Archive for the ‘Comebacks’ Category

Wednesday One-Liners Mostly Just Stand Around

Security guard: Oh, man, thank god for anti-depressants and alcohol! Nothing like Jack Daniels to get you through the day.

–The Met

Building security guard to mailman: Don't you think tv saved the world? Say you've got 10, 12, 14, 16 kids . . .

–William & Beekman

NYU security guard to long line of kids: A'ight kids, e-z passes out. Put your IDs in the air and wave them like you just don't care!
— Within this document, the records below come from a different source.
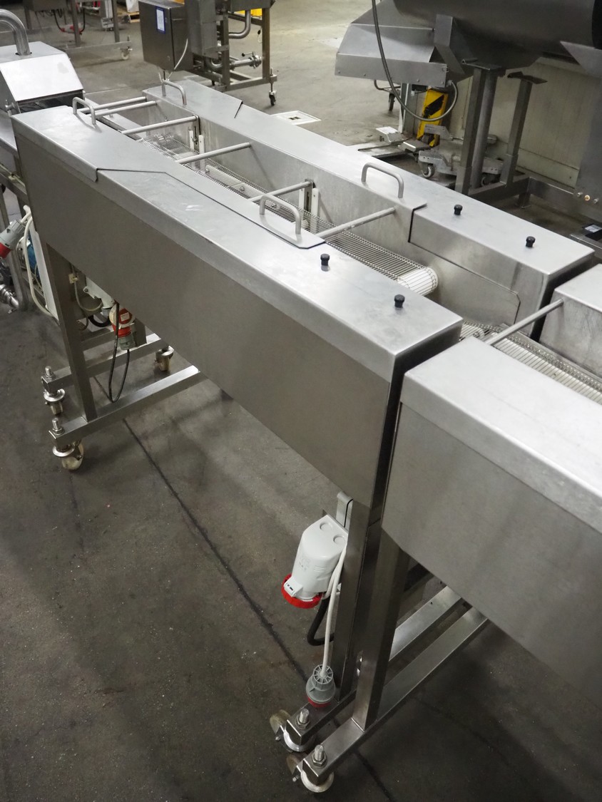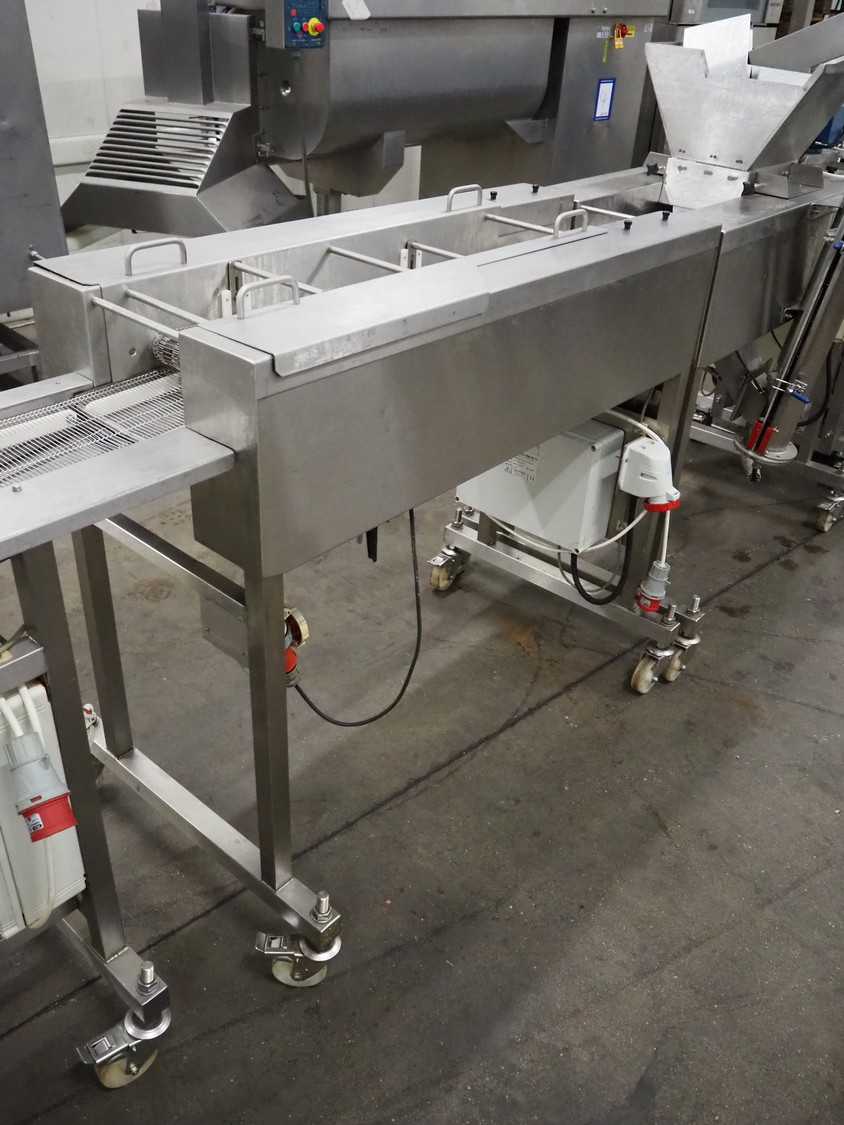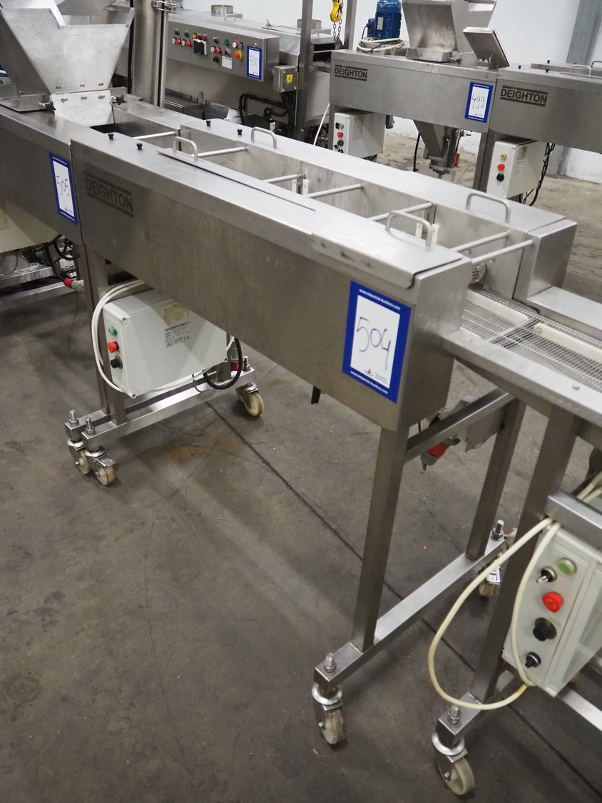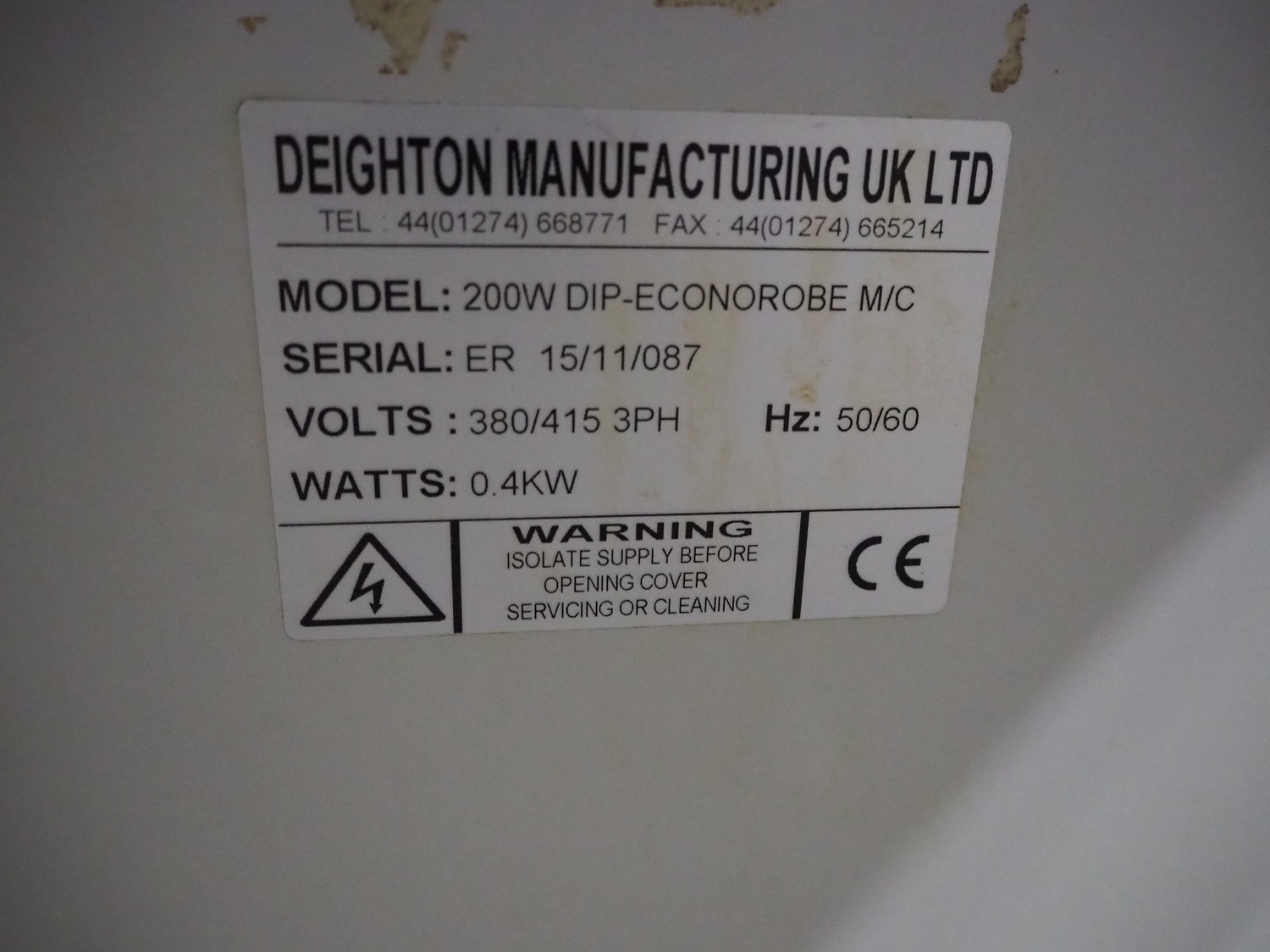 Deighton Manufacturing UK LTD mobile battering machine, model: 200W DIP-ECONOROBE M/C, serial number: ER 15/11/087, 380/415 V, 3 Ph, 50/60 Hz, 0.4 kW, s/s mesh belt, belt width: 220 mm, total dimensions: 1500 mm x 800 mm x 1200 mm.
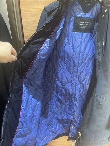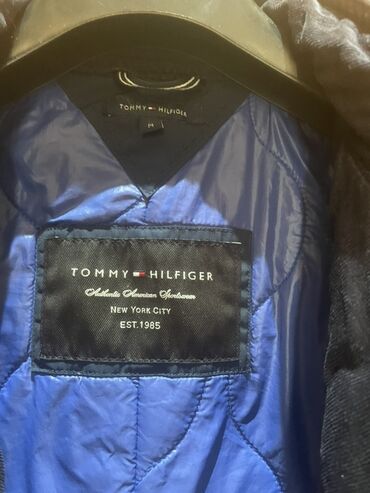 Tommy Hilfiger kişi palto - Rəng: tünd göy (navy) - Ölçü: S (etiketdə göstərilib) - Kəsim: klassik bir sıra düyməli, qatlana bilən yaxalı - Model: içi çıxarıla bilən quilted (romblarla kapitone) i...
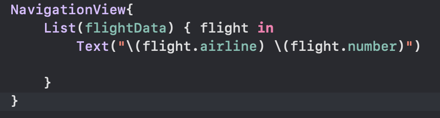 FlightInformation class 에는 id 라는 프로퍼티가 있기때문에 단순히 SwiftUI 에게 알려만 주면 된다.
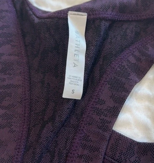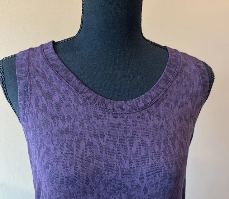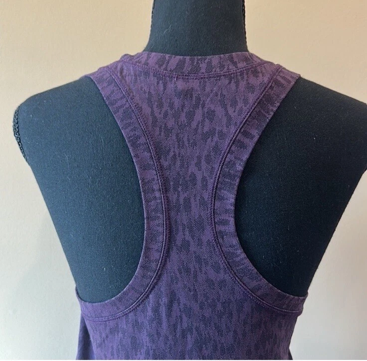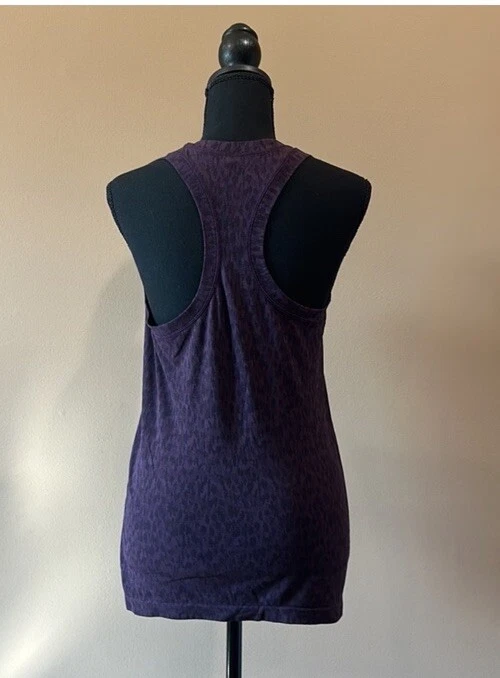Athleta small ladies racer back purple animal print exercise top. Longer length with rubber gripper on hem to prevent ride up
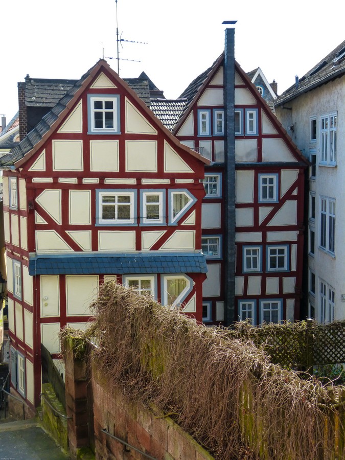 Viele der kleinen Häuser geben sehr schöne Beispiele für die von ihren Besitzern oft in liebevoller Kleinarbeit renovierten Gebäude der Marburger Altstadt (Oberstadt).
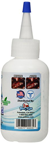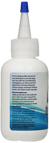 -. Binding : Misc. -. Brand : Pet Kiss -. EAN : 0184877000353 -. Feature : Cleans teeth freshens breath / Alcohol free / No brushing required / Vet Recommended -. Label : Pet Kiss Inc. -. Manufacturer : Pet Kiss Inc. -. Model : W-DG4B-5100 -. MPN : W-DG4B-5100 -. PackageQuantity : 1 -. PartNumber : W-DG4B-5100 -. ProductGroup : Pet Products -. ProductTypeName : PET_SUPPLIES -. Publisher : Pet Kiss Inc. -. Size : 4 oz -. Studio : Pet Kiss Inc. -. Title : Pet Kiss Brighter Bite Dental Gel for Pets, 4-Ounce -. UPC : 184877000353
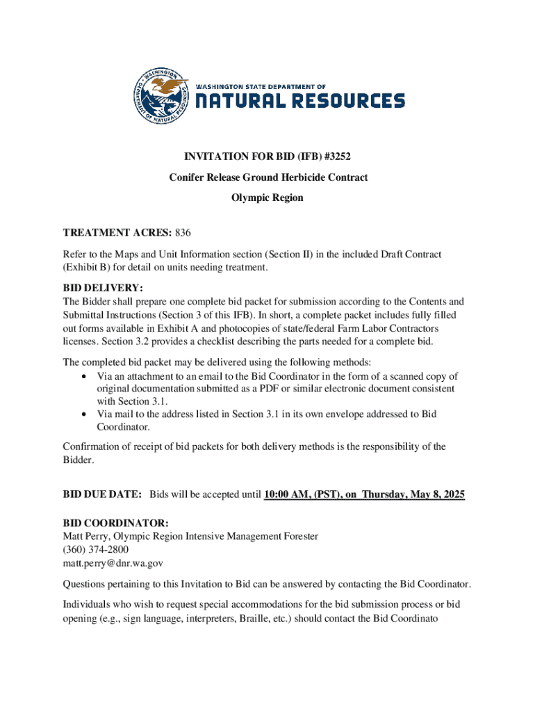 This document outlines the solicitation for bids for ground herbicide application services in the Olympic Region, covering specific treatment areas and detailing the bidding process and requirements
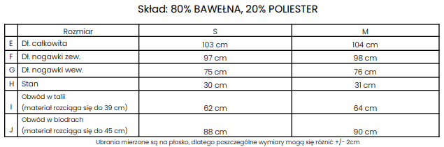 spodnie z elastycznym pasem, praktyczne kieszenie po bokach, nogawki zakończone ściągaczami.
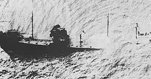 After the initial torpedo strike, the commander of U-123, Kapitänleutnant Reinhard Hardegen, surfaced his boat to finish the stricken tanker. In doing so he realised that they were close to the highly illuminated and populated coast of Jacksonville, and that there was the risk that if he fired, shots that flew over the Gulfamerica could hit the shore, putting civilian lives at risk. He therefore navigated around the Gulfamerica, placing himself between the shore and the tanker, and ensuring that shots that missed would land in the sea.[1] In doing so, he lost valuable time. The distress call was received, and U-123 was later engaged by the destroyer USS Dahlgren.[2] U-123 was damaged, but able to make a narrow escape back to Europe.
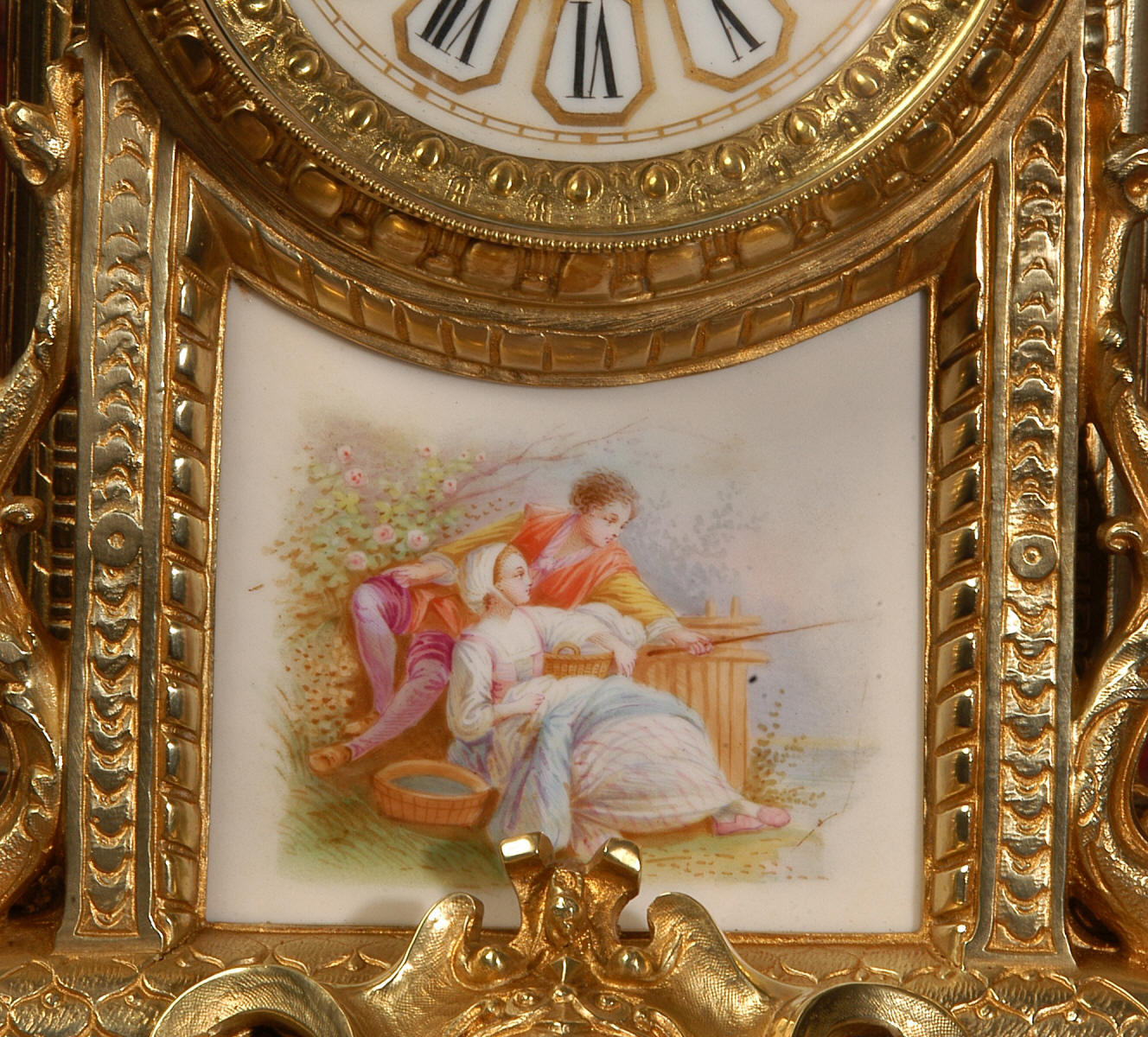 French clock featuring finely painted cream Sevres style porcelain. The panel
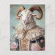 This ornate design features a majestic Mountain Goat in extravagant Baroque royal attire. The goat wears a blue and gold patterned coat and a crown, depicted as a high-mountain noble. A luxurious and unique art print for fans of fantasy and regal animal portraits.
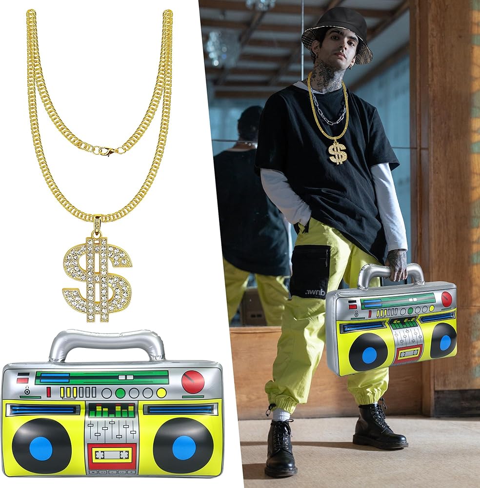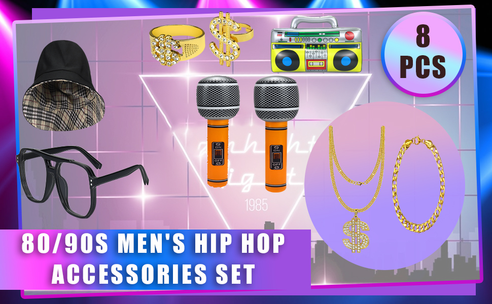 【HIP HOP COSTUME】: This hip hop costume kit includes 1 piece black sunglasses, 2 piece fake gold rings, 1 pcs black bucket cap, 1 pcs dollar pendant necklace , 1 piece fake gold bracelet, 1pcs inflatable radio, 2 pcs inflatable microphones, perfect hip hop costume for your 80s/ 90s dress up, so that you can stand out in the crowd and release the brilliance.
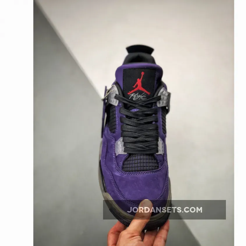 thanks to Bloody Osiris, we get a look a third colorway of the Air Jordan 4 that comes dressed in Purple. This pair features a full Purple nubuck upper with Grey and Black detailing throughout. It even includes the Travis Scott x Air Jordan hangtag, which nods to the collaboration.
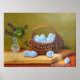Adicione alguma cor às suas paredes com Violetas e Cesto de Ovos de Abuela Raquel. Essa foi a vida ainda mais desafiadora pintada por Raquel — com as variadas texturas do cesto e da madeira, além da fluidez do ovo. As flores do lado esquerdo são violetas - uma de suas flores favoritas - que ela escolheu de seu jardim. Raquel passou por seis ovos para fazer esta pintura, porque ela queria que ela tivesse uma aparência muito realista. A madeira saiu tão bem por engano. Ela estava tentando apagar seu trabalho inicial no conselho de corte, e o resultado parecia ainda melhor. Às vezes, o que parece um erro pode levar a algo melhor!

–College of Arts and Science, Washington Square Park

Security man: No photos in Tim Burton! No pictures, no photos! Tell a friend, tell a neighbor, tell someone you don't like!

–Tim Burton Exhibit, MoMA

Security guard: Have a nice day… Now get the hell out of here.

–JFK Airport

The Little Wednesday One-Liner That Could

Cheerful female conductor: This is the express train. That means it's not not not not not not not the local train. Don't screw up.

–Metro-North Rail

Overheard by: Lynne

Conductor: Behold! This is Woodside! Change here for the former Shea Stadium, now Mets-Willets point. Have a great time!

–LIRR

Conductor: After Syosset, the next stop will be express, directly to Hunters Point Avenue. Do not pass go, do not collect 200 dollars.

–LIRR

Overheard by: morningcommute

Conductor: There is an uptown express train across the tracks. When the doors open, get off if you want to get off. Don't just stand there looking at it.

–Uptown 6 Train

Overheard by: Julie

Conductor, as doors open for passengers: Ladies and gentlemen, we know you've been waiting a long time for a train… (doors close abruptly) Wait for another.